The New York Times web site provides a rich set of APIs, as described here: https://developer.nytimes.com/apis You will need to start by signing up for an API key.
Your task is to choose one of the New York Times APIs, construct an interface in R to read in the JSON data, and transform it into an R DataFrame.
Load all the relevant libraries (install packages if none exists)
library(dplyr)
library(stringr)
library(httr)
library(jsonlite)
library(tidyr)
Define the HTTP request and in this case from the NYT website : https://developer.nytimes.com/docs/articlesearch-product/1/routes/articlesearch.json/get Follow the instructions in the link provided above to set an API key for use to access the required data
HTTP_request <- "https://api.nytimes.com/svc/search/v2/articlesearch.json"
Define the search Query in this case to search for business articles
search_query <- "?q=business"
Apply filters to limit the results to business and finance.

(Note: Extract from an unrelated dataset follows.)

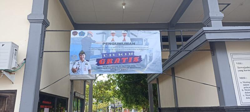 Bali Tribune / GRATIS - Spanduk Pengumuman Gratis Uji KIR Kendaraan Bermotor
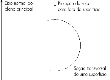 Se você desejar uma superfície de saída que se projete para fora, certifique-se de que a seta paralela ao plano principal aponte para fora:

The following values are allowed: day_of_week, document_type, ingredients, news_desk, pub_month, pub_year, section_name, source, subsection_name, type_of_material
filters <- "&fq=document_type(article)&fq=news_desk(business)&fq=type_of_material(business)&fq=keyword(finance)"
Define the start (01/01/2015) and end dates of today (10/27/2019)
start_date <- "&begin_date=20150101"
end_date <- "&end_date=20191027"
Sort by relevance (other allowable parameters include: oldest and newest)
sort_by <- "&sort=relevance"
Hide API key Include your API key generated from the website into a separate line of code and set the include paramenter in the R code block to FALSE
hidden_API_key <- api_key
business_articles <- fromJSON(paste0(HTTP_request, search_query, filters, start_date, end_date, sort_by, hidden_API_key))
results <- business_articles$response$docs
Follow the link below to see all the possible parameters https://developer.nytimes.com/docs/articlesearch-product/1/routes/articlesearch.json/get
business_df <- data.frame('Date' = format(as.Date(results$pub_date), "%B %d, %Y"),
'news_desk' = results$news_desk,
'Headline' = results$headline$main,
'source' = results$source,
'URL' = results$web_url
)
business_df